What to do
Pictures aside, repeat the listing below exactly.

Material provided
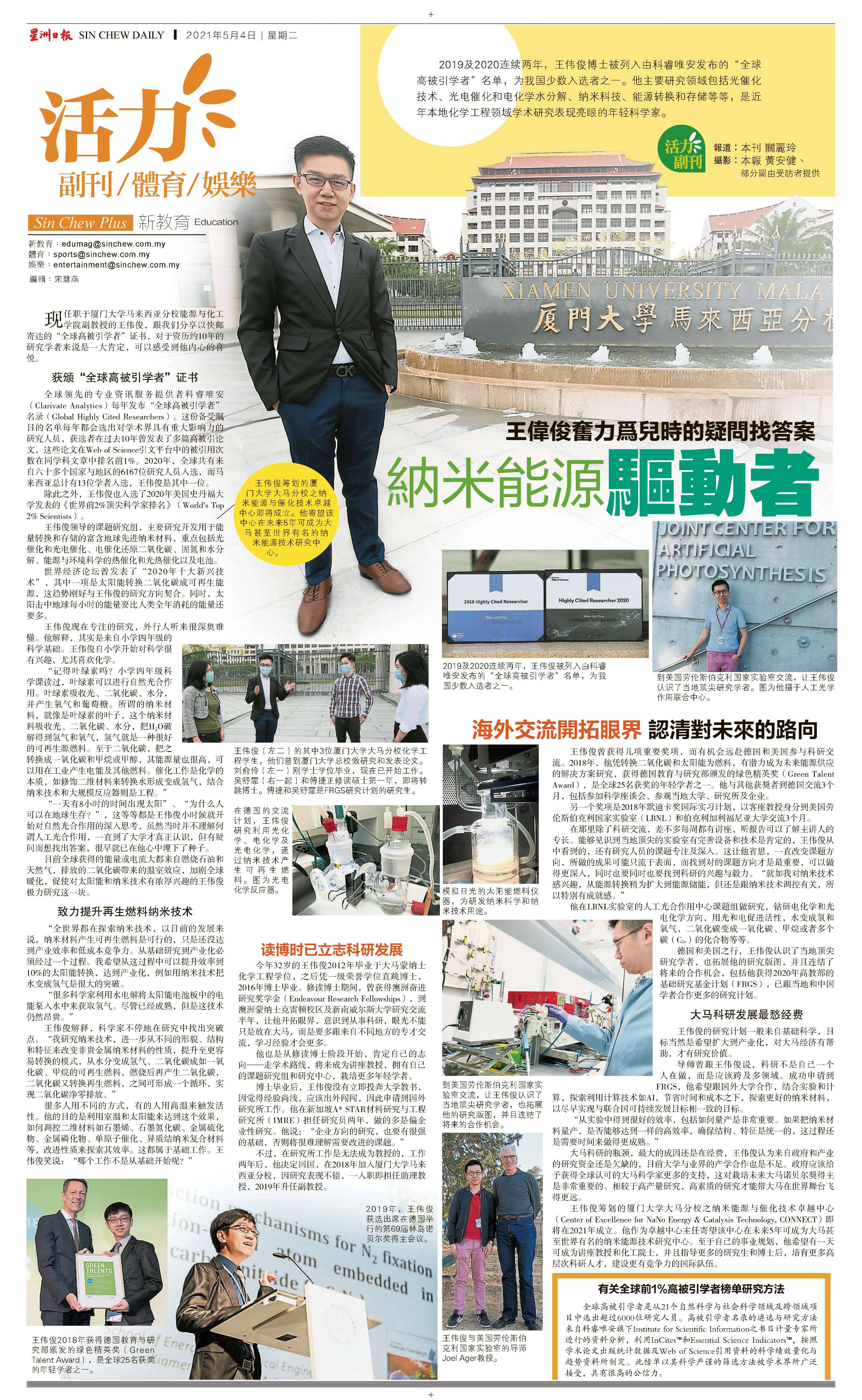 本文为《星洲日报》对王伟俊博士的专访,刊载于报纸2021年5月4日“新教育”版,原标题为“王伟俊奋力为儿时的疑问找答案,纳米能源驱动者”。《星洲日报》是马来西亚最具影响力的中文媒体之一,发行量居马来西亚报章首位。
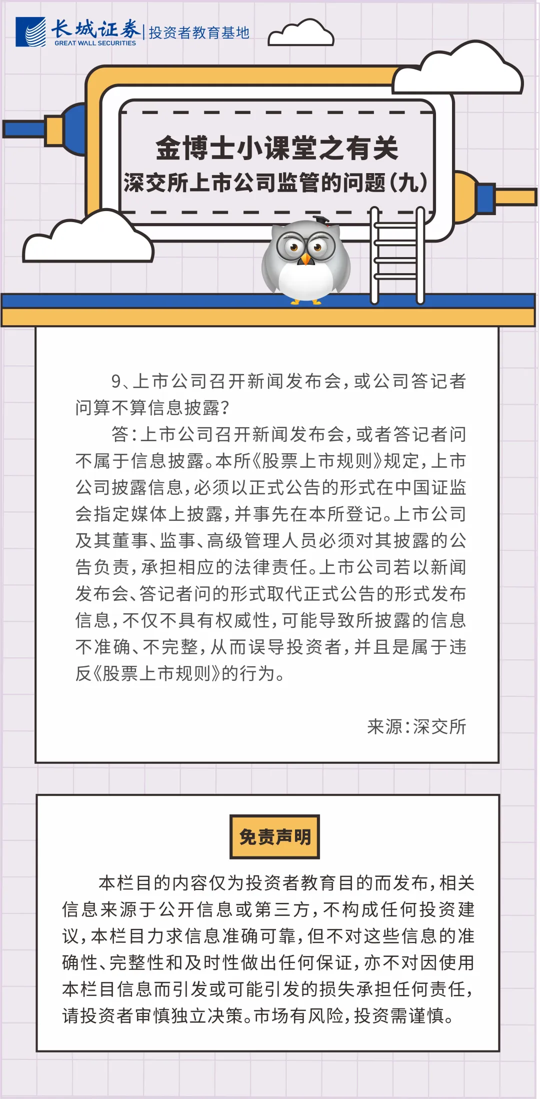 【长·原创·图文】金博士小课堂之有关深交所上市公司监管的问题(九)
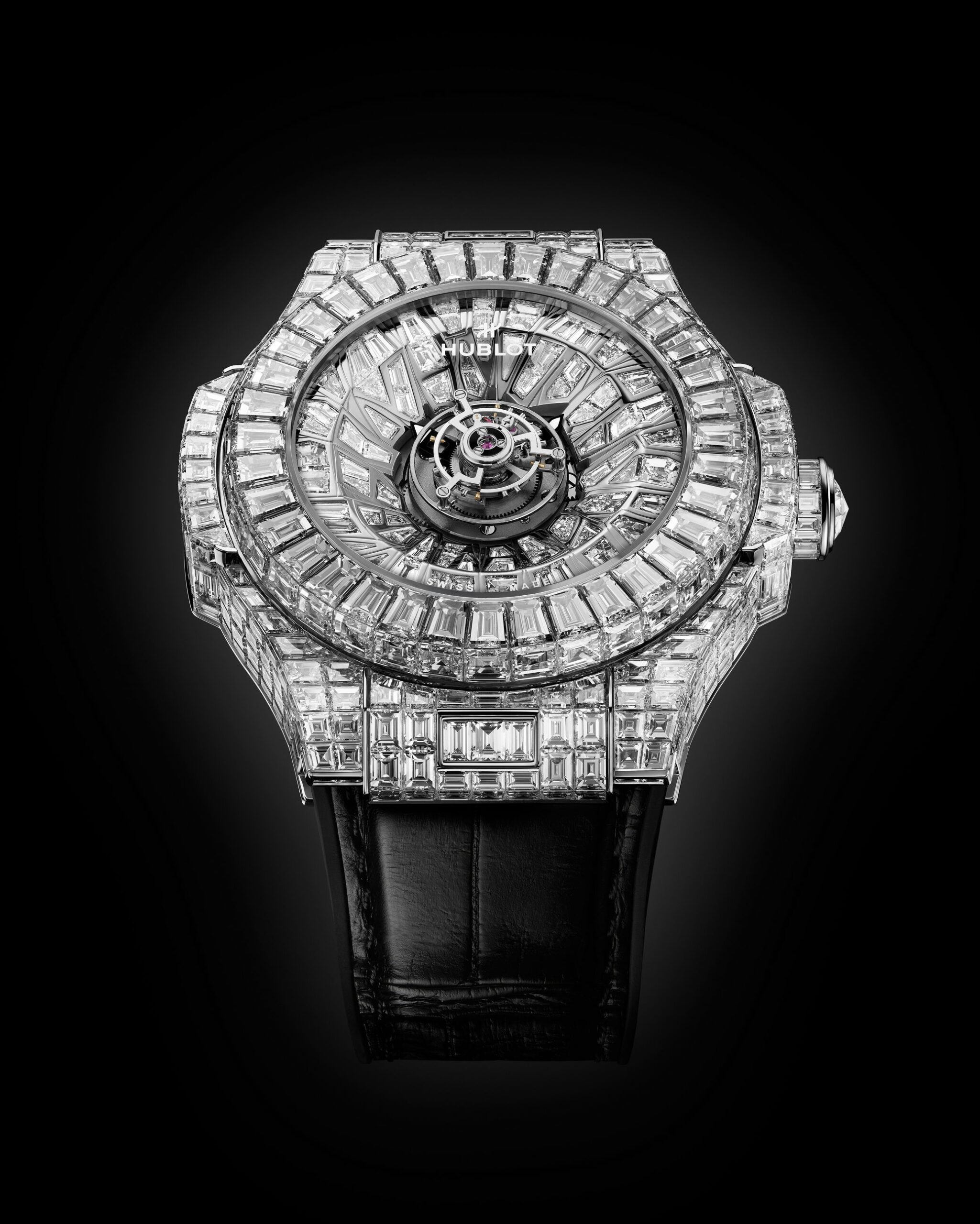 Hublot, erweitert mit der Big Bang Impact One Million erneut die Grenzen der Haute Horlogerie und Haute Joaillerie. Fünfhundert Diamanten (~44,6 Karat), in unkonventionellen Formen geschliffen, vollführen einen dynamischen Wirbel rund um das zentrale fliegende Tourbillon und symbolisieren damit die Anziehung von Energie und einen unverrückbaren Fokus im Herzen einer der ikonischsten Komplikationen der Uhrmacherkunst.
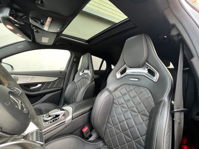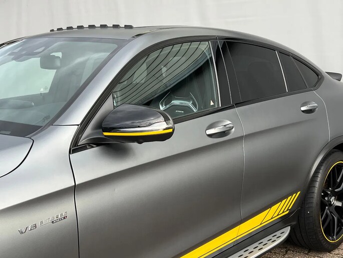 Prachtig mooie en bijzonder compleet uitgeruste GLC 63 AMG S met 510 PK. Deze Coupe is zowel van binnen als van buiten in keurig nette staat. De auto heeft geen schadeverleden en er is niet in gerookt. Hij is Selenietgrijs Magno (matgrijs) van buiten en heeft zwart nappa lederen bekleding van binnen. Er mag een aanhanger getrokken worden van 2170 KG met de wegklapbare trekhaak. Het betreft een 'Edition 1'uitvoering.
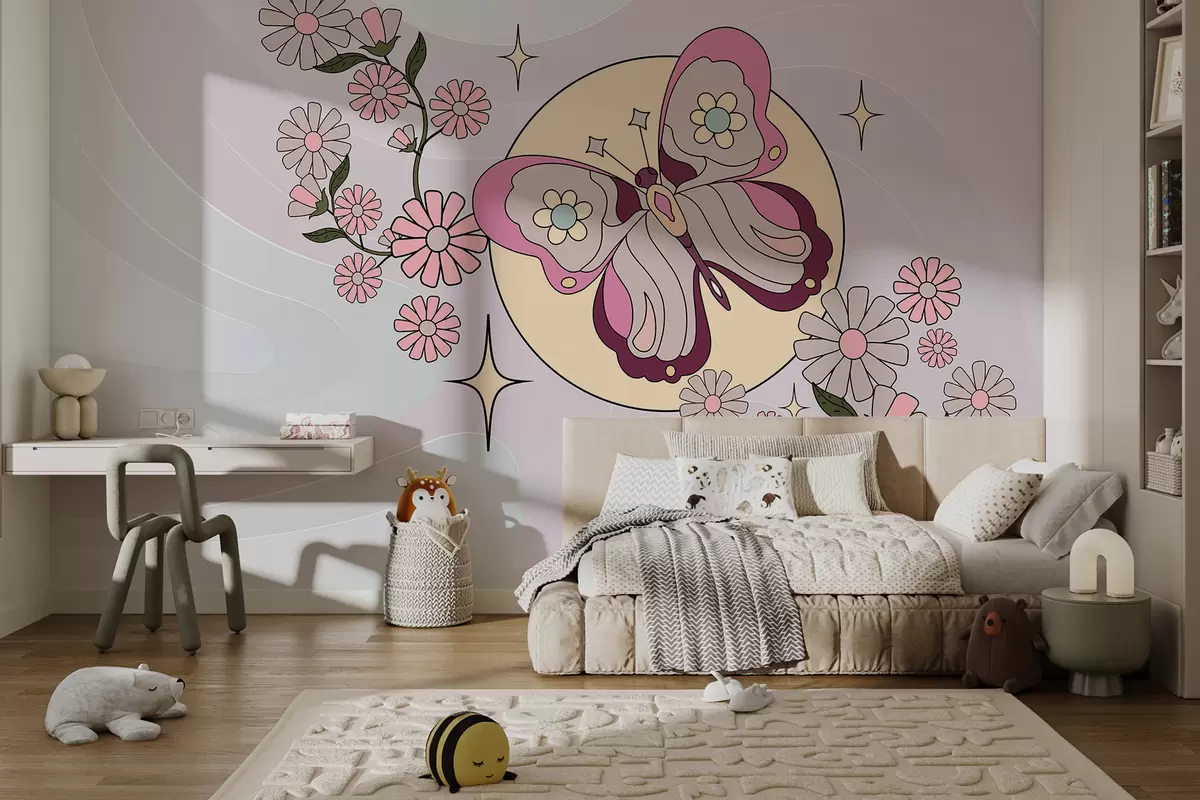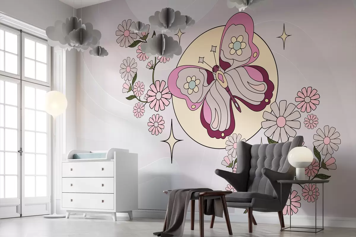 Fototapeten Tapete mit einem rosa Schmetterling auf hellgrau-rosa Hintergrund zwischen Blumen im schlichten Stil für ein Mädchenzimmer N° w00985
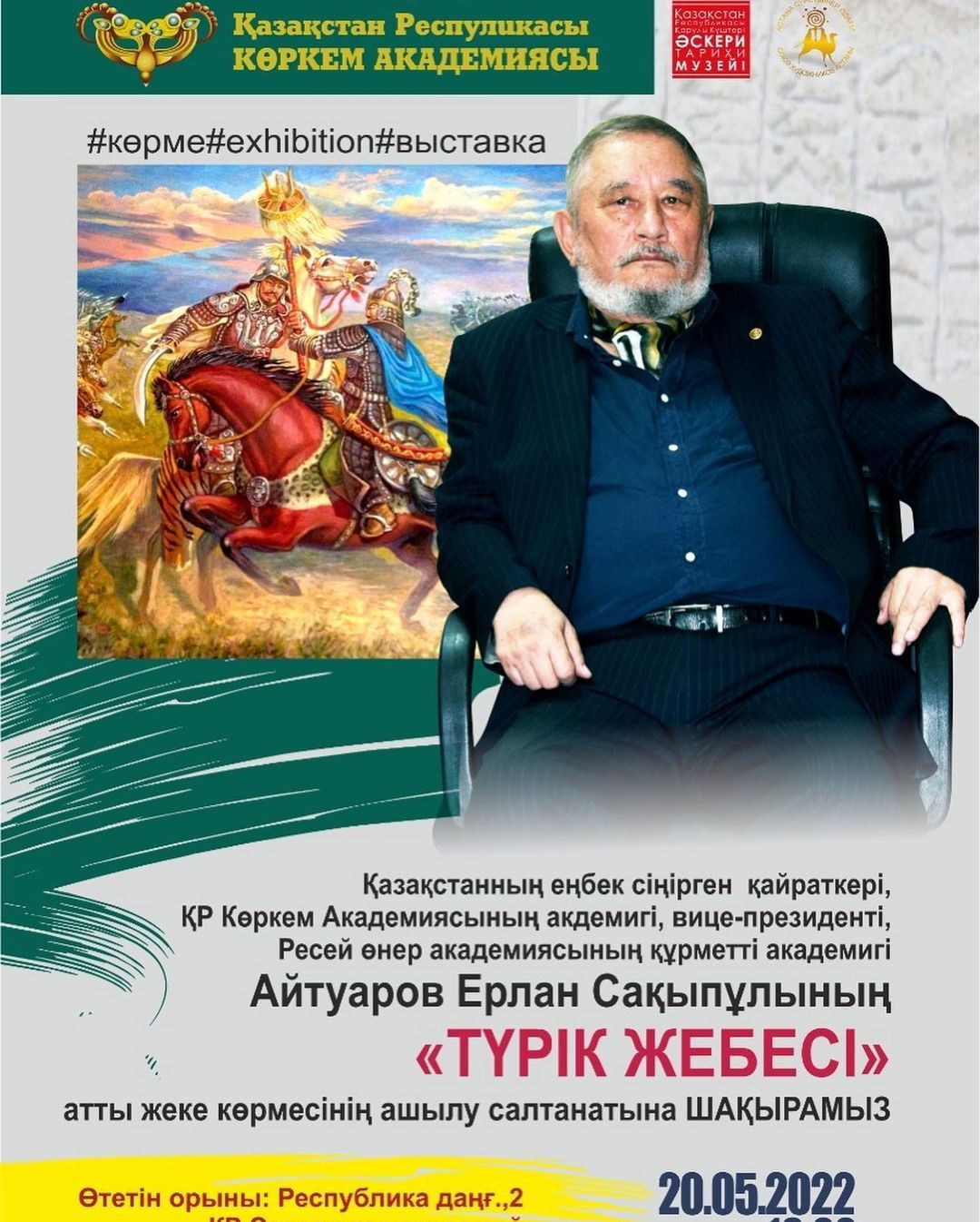 20 мамыр 2022 жылы, ҚР ҚК Мемлекеттік Әскери-тарихи музейінде Көрнекті суретші-монументалист, Қазақстанның еңбек сіңірген қайраткері, ҚР Суретшілер Одағының мүшесі,ҚР Көркем Академиясының академигі, вице-президенті,Ресей Өнер Академиясының құрметті академигі, Айтуаров Ерлан Сақыпұлының "Түрік жебесі" атты жеке көрмесі ашылды.

Solution for this problem
 本文为《星洲日报》对王伟俊博士的专访,刊载于报纸2021年5月4日“新教育”版,原标题为“王伟俊奋力为儿时的疑问找答案,纳米能源驱动者”。《星洲日报》是马来西亚最具影响力的中文媒体之一,发行量居马来西亚报章首位。
 【长·原创·图文】金博士小课堂之有关深交所上市公司监管的问题(九)
 Hublot, erweitert mit der Big Bang Impact One Million erneut die Grenzen der Haute Horlogerie und Haute Joaillerie. Fünfhundert Diamanten (~44,6 Karat), in unkonventionellen Formen geschliffen, vollführen einen dynamischen Wirbel rund um das zentrale fliegende Tourbillon und symbolisieren damit die Anziehung von Energie und einen unverrückbaren Fokus im Herzen einer der ikonischsten Komplikationen der Uhrmacherkunst.
 Prachtig mooie en bijzonder compleet uitgeruste GLC 63 AMG S met 510 PK. Deze Coupe is zowel van binnen als van buiten in keurig nette staat. De auto heeft geen schadeverleden en er is niet in gerookt. Hij is Selenietgrijs Magno (matgrijs) van buiten en heeft zwart nappa lederen bekleding van binnen. Er mag een aanhanger getrokken worden van 2170 KG met de wegklapbare trekhaak. Het betreft een 'Edition 1'uitvoering.
 Fototapeten Tapete mit einem rosa Schmetterling auf hellgrau-rosa Hintergrund zwischen Blumen im schlichten Stil für ein Mädchenzimmer N° w00985
 20 мамыр 2022 жылы, ҚР ҚК Мемлекеттік Әскери-тарихи музейінде Көрнекті суретші-монументалист, Қазақстанның еңбек сіңірген қайраткері, ҚР Суретшілер Одағының мүшесі,ҚР Көркем Академиясының академигі, вице-президенті,Ресей Өнер Академиясының құрметті академигі, Айтуаров Ерлан Сақыпұлының "Түрік жебесі" атты жеке көрмесі ашылды.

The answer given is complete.